> SUPPLIED MATERIAL:
────────────────────

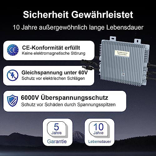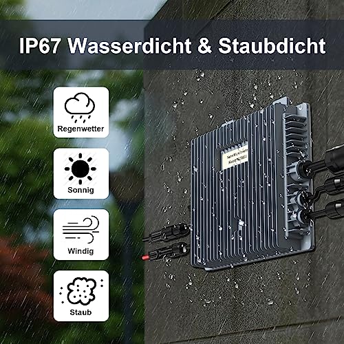 【Impermeabilità IP67】 Fotovoltaico da Balcone Microinverter dispone di una solida protezione della classe di impermeabilità IP67 e offre alla vostra centrale elettrica del balcone la protezione più forte, sia in caso di pioggia forte o in caso di tempesta e sabbia.
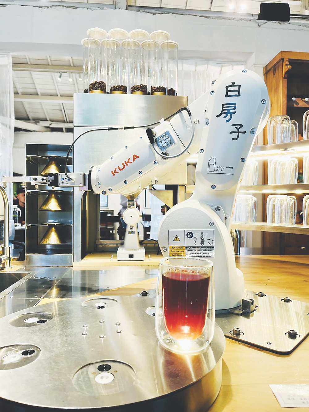 德國百年工業用機械手臂大廠KUKA聯手陽明山白房子,勇闖商業應用市場,開發「AI手沖精品咖啡機器人」。該款應用與以往完全不同之處,在於以機械手臂模仿職人咖啡師的沖泡手法,機械手夾持裝載熱水的細口手沖咖啡壺,上上下下畫圓擺動,為空氣、水、豆子譜出完美律動,透過如咖啡職人一般的手腕擺動頻率與循環,充分牽引出咖啡豆風味。
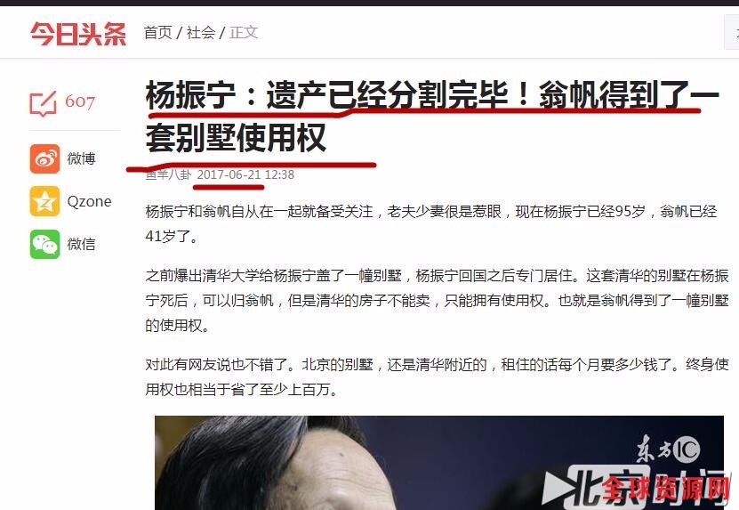 此外,名为“鱼羊八卦”的头条号早在6月21日就使用此为标题,但文章内容中并未提到“遗产已经分割完毕”。
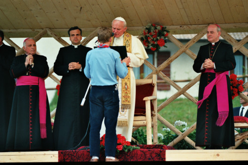 Papa Karol Wojtyla durante il suo discorso in occasione dell'incontro con la diocesi di Belluno - Feltre a Col Cumano; alla sua sinistra il Vescovo Ducoli Maffeo
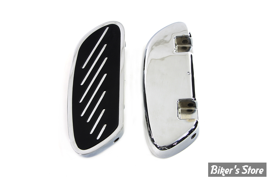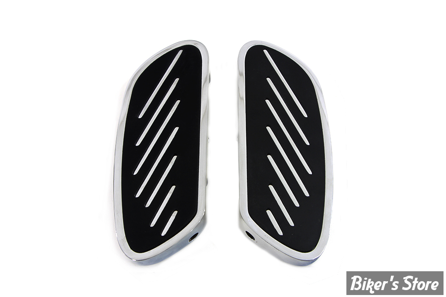 Chrome billet passenger footboard set with a rubber rail design. Chrome insert features inlay rubber pad.
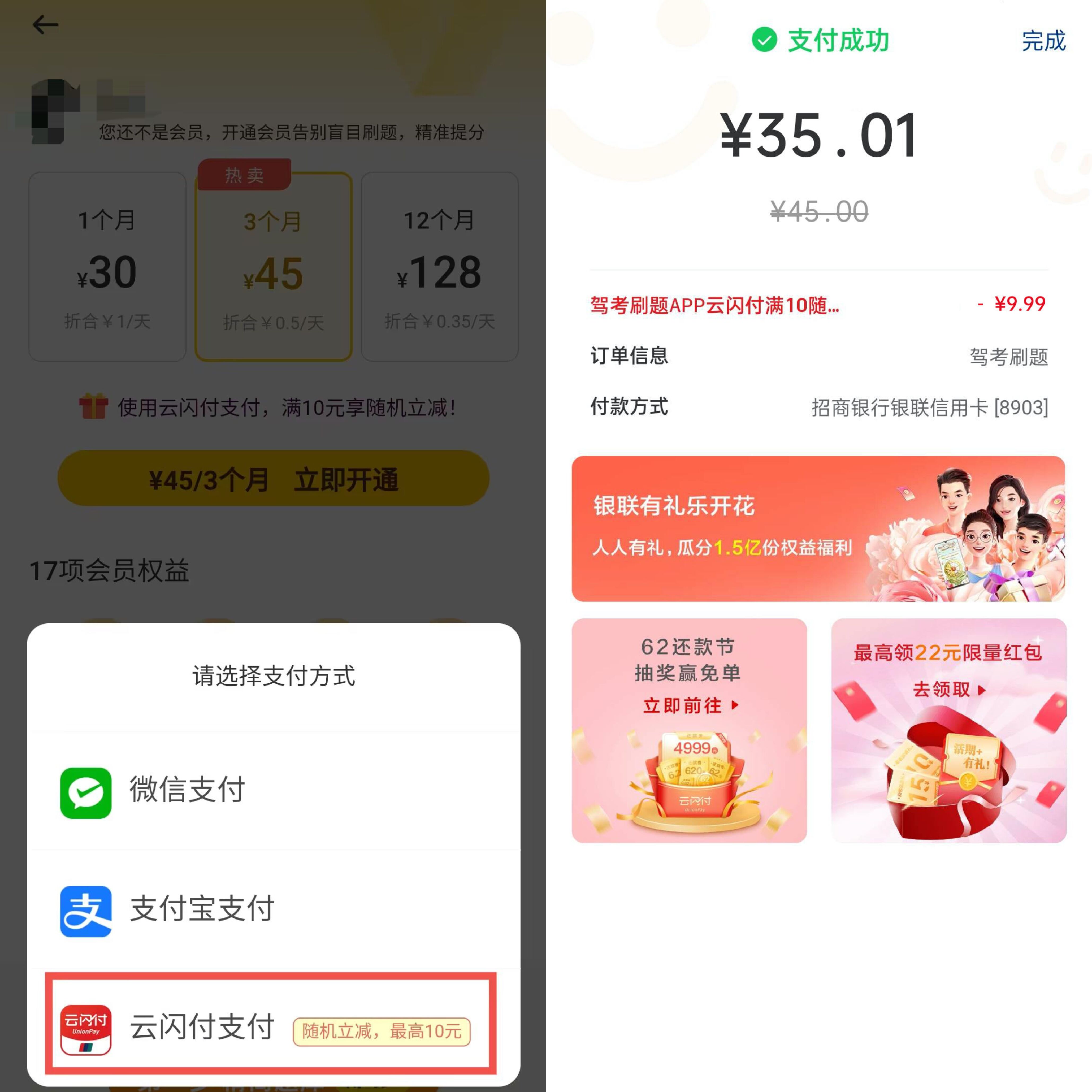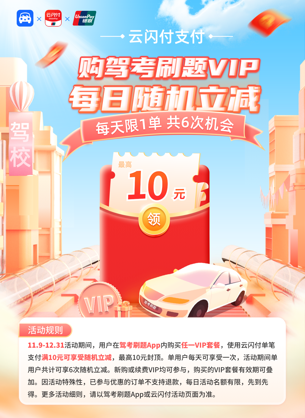 1、购买驾考刷题vip时(任何套餐都可),使用云闪付单笔支付满10元,即可享受随机立减,最高10元封顶!
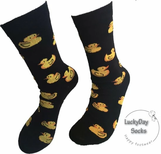 Merkloos Verjaardag Cadeautje Voor Hem – Eend Sokken – Leuke Sokken – Vrolijke Sokken – Luckyday Socks – Sokken Met Tekst – Aparte Sokken – Socks Waar Je Happy Van Wordt – Maat 42-47
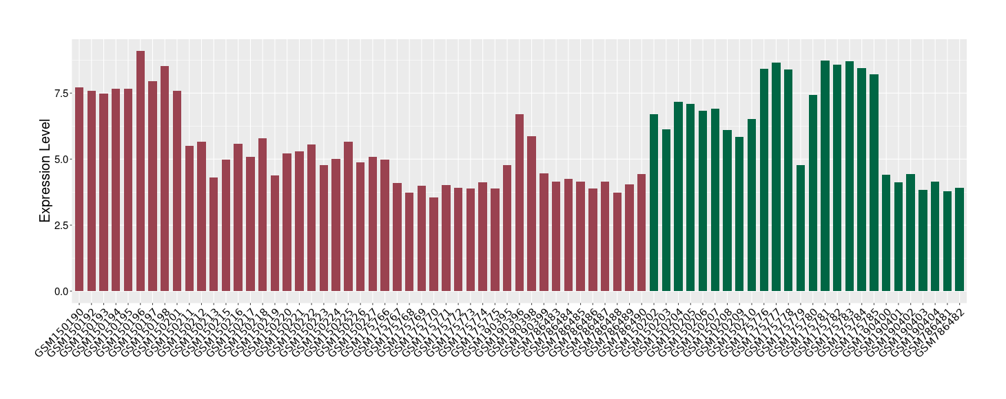 The Expression Level of Disease Section Compare with the Healthy Individual Tissue | p-value:7.00E-07; Fold-change:-1.642034159; Z-score:-9.000655111 | ||||
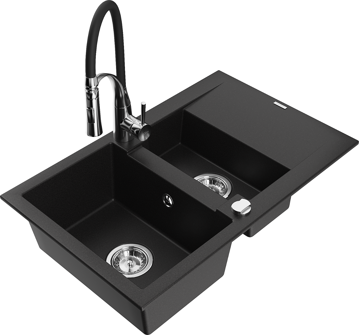 Mexen Gaspar кухненска мивка с 1,5 корита от гранит с отцедник и кухненски смесител Aster, черен - 6507-77-73450-07
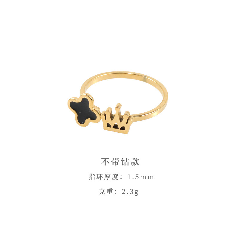 钛钢戒指女开口小众个性指环锆石简约ins风高级轻奢饰品四叶草

────────────────────

> REQUIRED ACTION: From the records above, quote word for word only the lines beginning at the line that has "德國百年工業用機械手臂大廠K" and stopping after the line that has "The Expression Level". Omit the pictures.

> EXPECTED ANSWER:
 德國百年工業用機械手臂大廠KUKA聯手陽明山白房子,勇闖商業應用市場,開發「AI手沖精品咖啡機器人」。該款應用與以往完全不同之處,在於以機械手臂模仿職人咖啡師的沖泡手法,機械手夾持裝載熱水的細口手沖咖啡壺,上上下下畫圓擺動,為空氣、水、豆子譜出完美律動,透過如咖啡職人一般的手腕擺動頻率與循環,充分牽引出咖啡豆風味。
 此外,名为“鱼羊八卦”的头条号早在6月21日就使用此为标题,但文章内容中并未提到“遗产已经分割完毕”。
 Papa Karol Wojtyla durante il suo discorso in occasione dell'incontro con la diocesi di Belluno - Feltre a Col Cumano; alla sua sinistra il Vescovo Ducoli Maffeo
 Chrome billet passenger footboard set with a rubber rail design. Chrome insert features inlay rubber pad.
 1、购买驾考刷题vip时(任何套餐都可),使用云闪付单笔支付满10元,即可享受随机立减,最高10元封顶!
 Merkloos Verjaardag Cadeautje Voor Hem – Eend Sokken – Leuke Sokken – Vrolijke Sokken – Luckyday Socks – Sokken Met Tekst – Aparte Sokken – Socks Waar Je Happy Van Wordt – Maat 42-47
 The Expression Level of Disease Section Compare with the Healthy Individual Tissue | p-value:7.00E-07; Fold-change:-1.642034159; Z-score:-9.000655111 | ||||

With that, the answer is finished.